The Cancer Research UK team pinpointed a molecular imbalance which stops the drug working.
Writing in Nature, the team say having this detailed understanding will help develop more effective treatments for women with breast cancer.
The Cambridge researchers add that the finding could also help explain other examples of drug resistance.
Oestrogen can cause breast cancer cells to grow and divide but tamoxifen prevents this, helping lower the risk of the disease returning.
Around 45,000 cases of breast cancer are diagnosed in the UK each year - and up to two-thirds will be prescribed the drug. Women ideally take it for five years after their diagnosis.
But 25-30% will develop resistance to the treatment after time, meaning their cancer is more likely to return.
Scientists have been seeking ways of identifying these women so that time is not wasted, and treatment is better tailored.
'We can make repairs'
In this study, which involved 100 breast cancer patients, the Cancer Research UK Cambridge Research Institute found tamoxifen works by switching off the breast cancer gene HER2 via a protein called PAX2.
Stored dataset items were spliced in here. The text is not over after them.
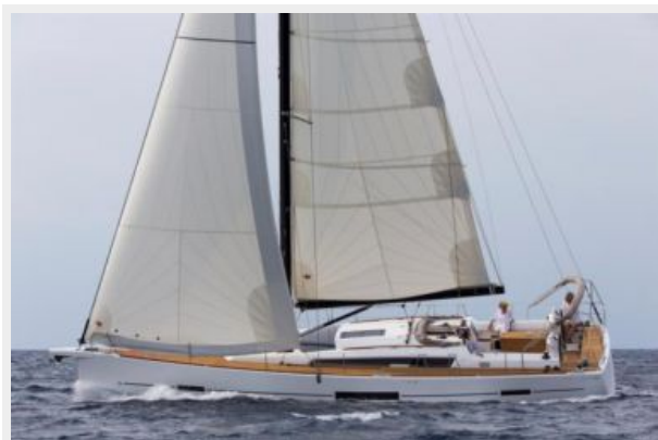
Dufour 520 GL Sailing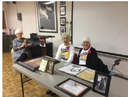
Rosie The Riveters are all smiles at their booth.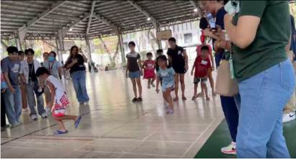
Community children joyfully play the traditional game Piko.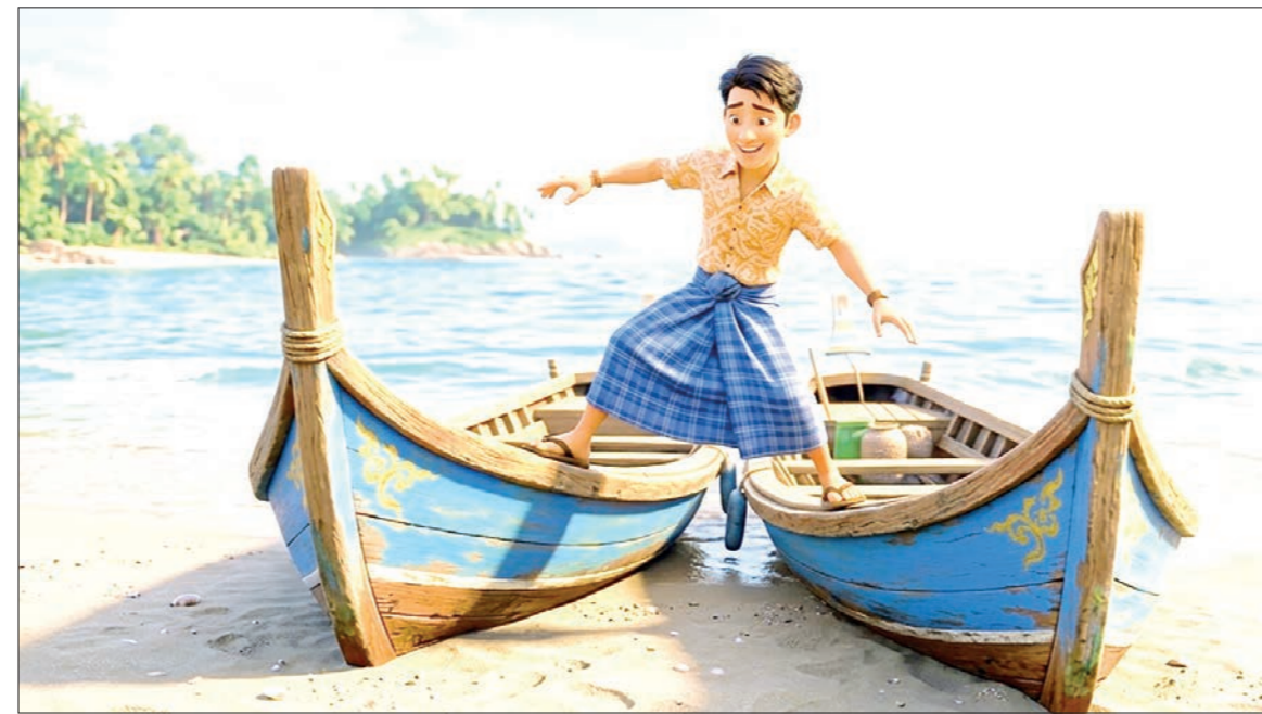
“လှေနှံနှစ်ဖက်နှင်း” “Straddling two boats”

ဒီစကားပုံရဲ့ တန်ဖိုးက “ညီညွတ်လာ ကံကြမ္မာချင်း ဆက်နွယ်နေကြတယ်” ဆိုတာကို သတိပေးနေတာပါ။ အားလုံးဟာ ပန်းတိုင်တစ်ခုတည်းကို တွေ့ရတာပဲလို့ အားလုံးမြုပ်မယ်၊ လှေပန်းတိုင်ရောက်ရင် အားလုံးအတူရောက်မယ်ဆိုတဲ့ သဘောပေါ့။ ဒီ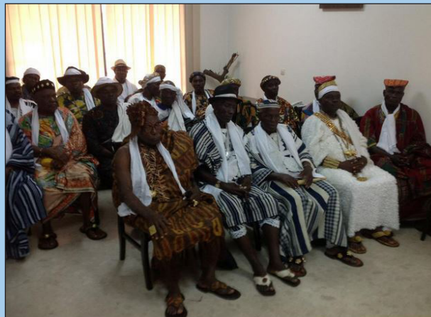
Ivorian Kru chiefs wearing their tappa dress

The Kru languages include many subgroups such as Kuwaa, Grebo, Belle, Belleh, Kwaa and many others. Categorization of communities based on cultural distinctiveness, historical or ethnic identity and socio-political autonomy may have brought about the large number of distinct Kru dialects; “Although the natives were in many respects similar in type and tribe, every village was an independent state; there was also very little intercommunication”. Overall, in 2010, Kru and associated languages were spoken by 95 percent of the approximate 3.5 million people in Liberia.

In patients receiving tamoxifen treatment, the highest levels of PAX2 were associated with improved survival.
In contrast, tumours resistant to the drug had higher levels of another molecule, AIB-1, which competes with PAX2 in a molecular "tug-of-war" to control HER2.
Which molecule wins determines if that switch is off or on.
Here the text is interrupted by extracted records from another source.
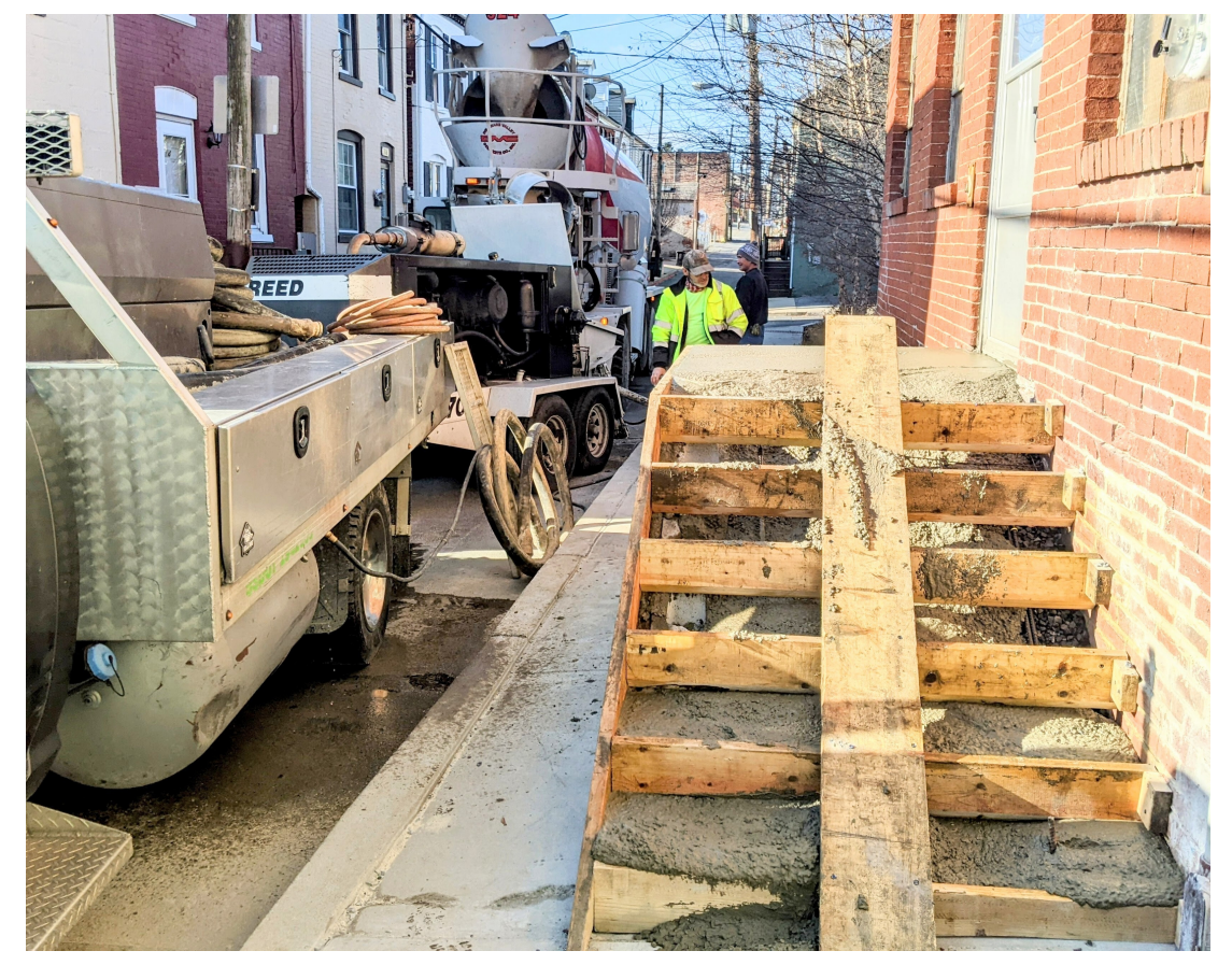
Pumping concrete for front steps on Grant Street and ramp access from parking lot.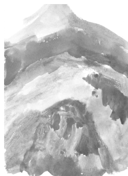
Drawing in bright pinks and oranges

'Notes upon a Case of Obsessional Neurosis'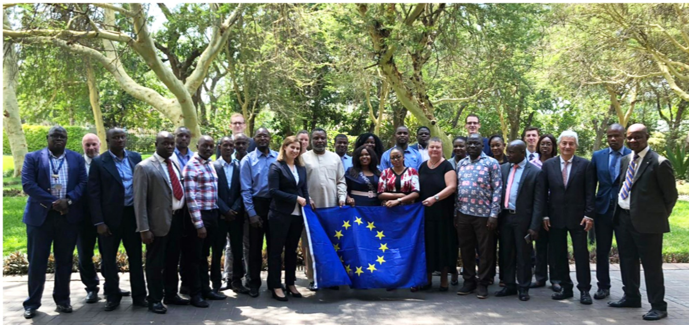
Fourth Roadmap Activity for Zambia group photo

The focus of the event was laid on customs-related topics such as targeted risk assessment and risk management, national control lists for military items and commodity identification as well as interagency cooperation. Furthermore, the events, which were organised under the project were evaluated and Zambia's next steps regarding the implementation of the Arms Trade Treaty identified. Approximately, 20 Zambian State officials from relevant authorities attended the roadmap activity.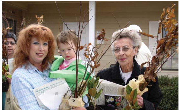
To celebrate Mississippi's Arbor Day, the District gives away free tree seedlings on the second Friday of February each year.

Dr Jason Carroll, who led the study, said: "We knew that women developed resistance to tamoxifen but previously our understanding of why this occurred could be compared with trying to fix a broken car without knowing how the engine worked.
"Now we understand how all the engine parts operate and we can try to think about ways to make repairs."
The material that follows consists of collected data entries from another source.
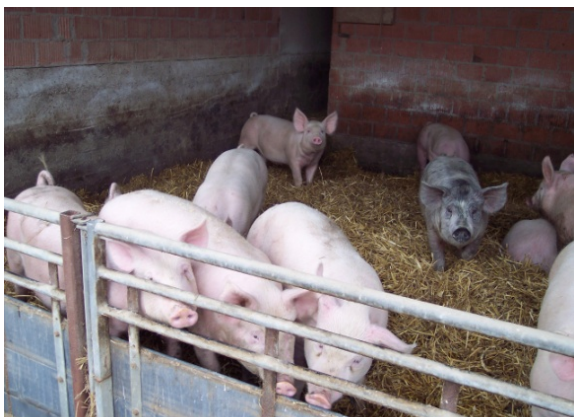
Pigs in higher welfare systems have more space and enrichment, such as straw bedding.

Rearing pigs are kept in a variety of different husbandry systems. Most rearing pigs tend to be kept indoors. This is because if they are kept outdoors on pasture, they will root it all up. Paddocks are soon turned into giant mud baths. In some countries, the pig's ability to clear the land has been put to good use. Farmers in the UK and Sweden have used pigs to 'plough' the land after harvest and also clear woodland after it has been felled.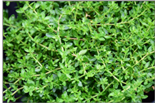
Rupturewort foliage

Rupturewort is recommended for the following landscape applications;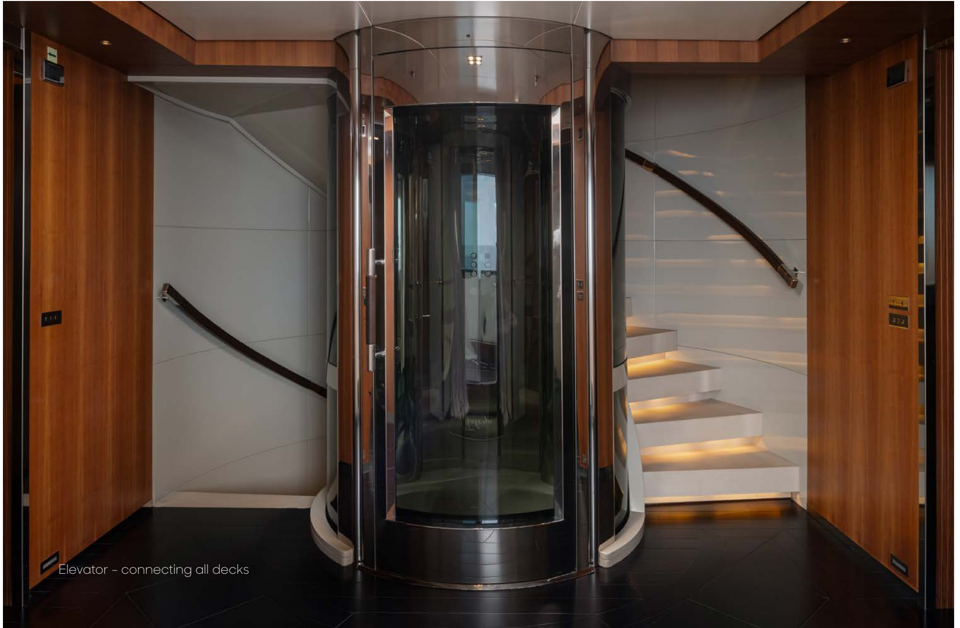
Elevator - connecting all decks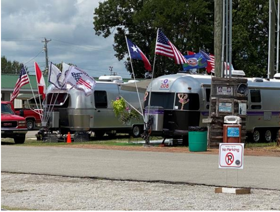
Proudly showing their flags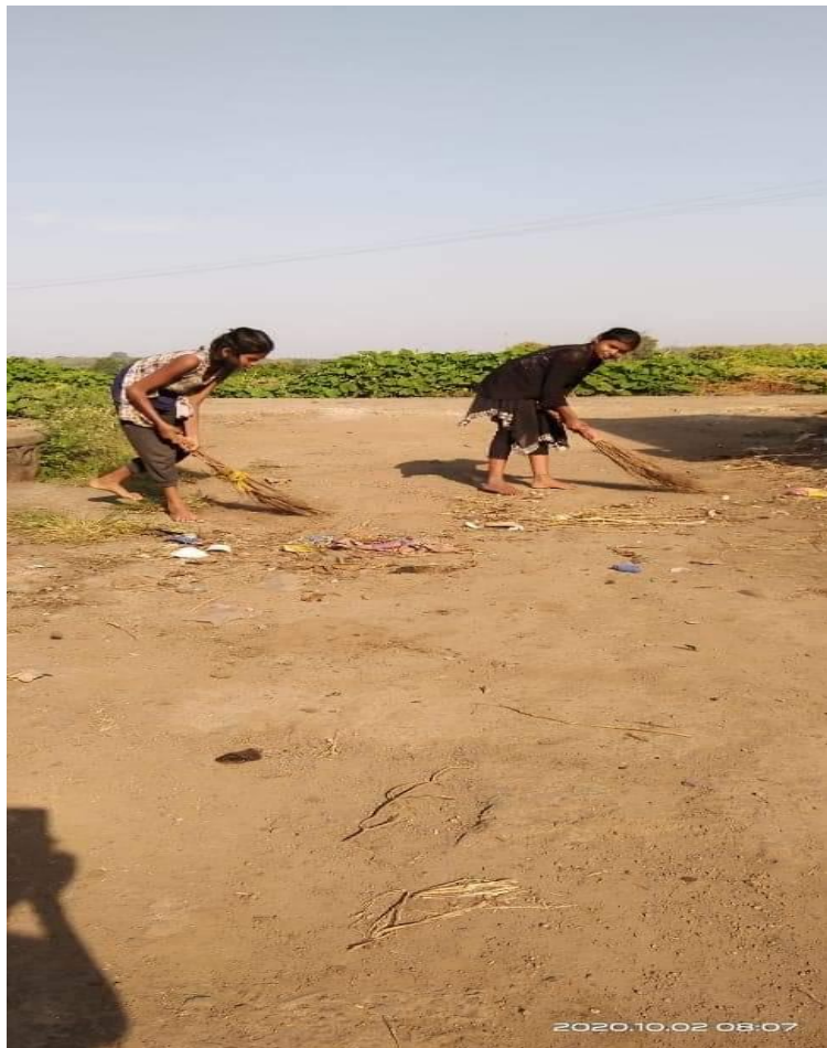
NSS volunteers celebrating Gandhi Jayanti by Cleaning Campus.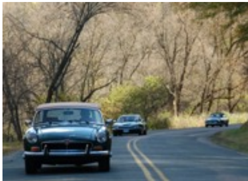
The Tour !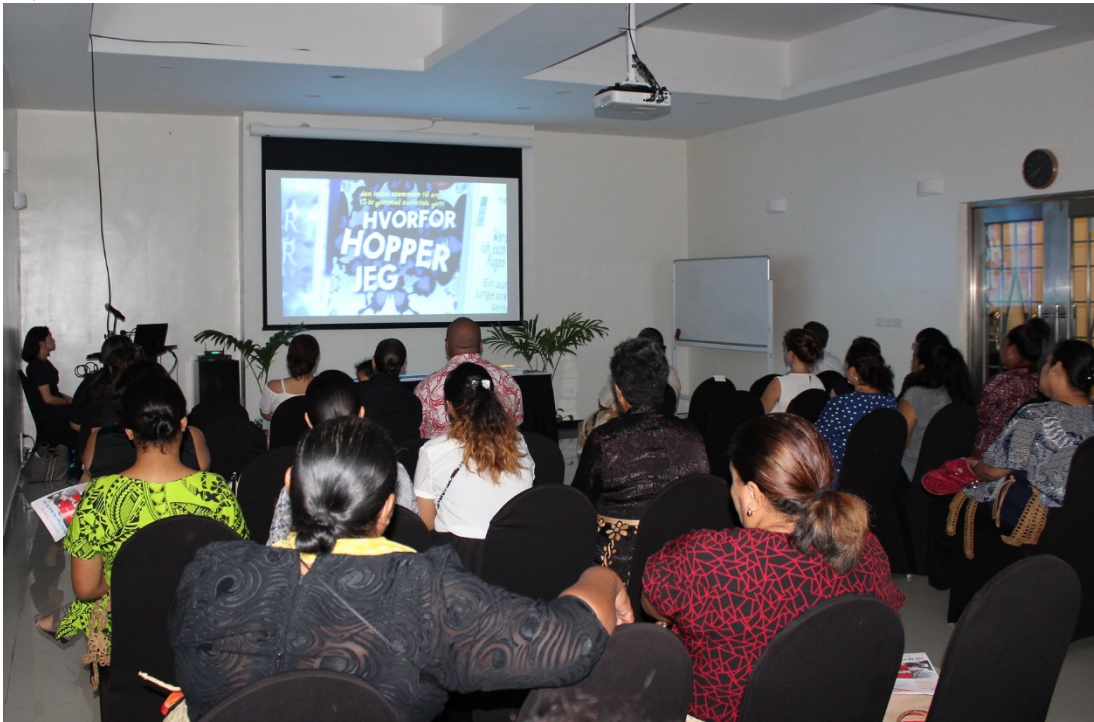
The film screening on Thursday night, 21 February 2019 at the Fiefia Room of Tanoa Hotel.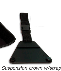
Suspension crown w/strap

He added: "We can use this information to predict who will respond to tamoxifen and, more importantly, who won't.
"It will mean that we would no longer waste time that could have been better used giving more effective therapies and treatments.
If a woman is not going to benefit from tamoxifen, she could be given other drugs such as Herceptin or a class of medicines called aromatase inhibitors, which act on tumours in different ways.
Dr Carroll said the failed mechanism would not account for all cases of tamoxifen resistance.
But he added: "We're not talking about a small percentage of cases of tamoxifen resistance. I would think it's going to account for quite a significant number."
The researchers say it is important for their findings to be replicated in larger groups.
But they say a test could be possible in five years' time, and that the process that stops tamoxifen working could also occur with other drugs.
Professor Sir David Lane, Cancer Research UK's chief scientist said: "Tamoxifen has been a huge success story helping to prevent breast cancer recurring for many women.
"Understanding why it occasionally stops working is really important because it allows us to identify new targets for drug development and who will need such treatments."
Dr Alexis Willett, of Breakthrough Breast Cancer, said: "This research gives us a better understanding of one of the ways resistance can occur and is an important step towards developing improved treatments for patients.
"It's vital that research continues into why resistance occurs and how to overcome it."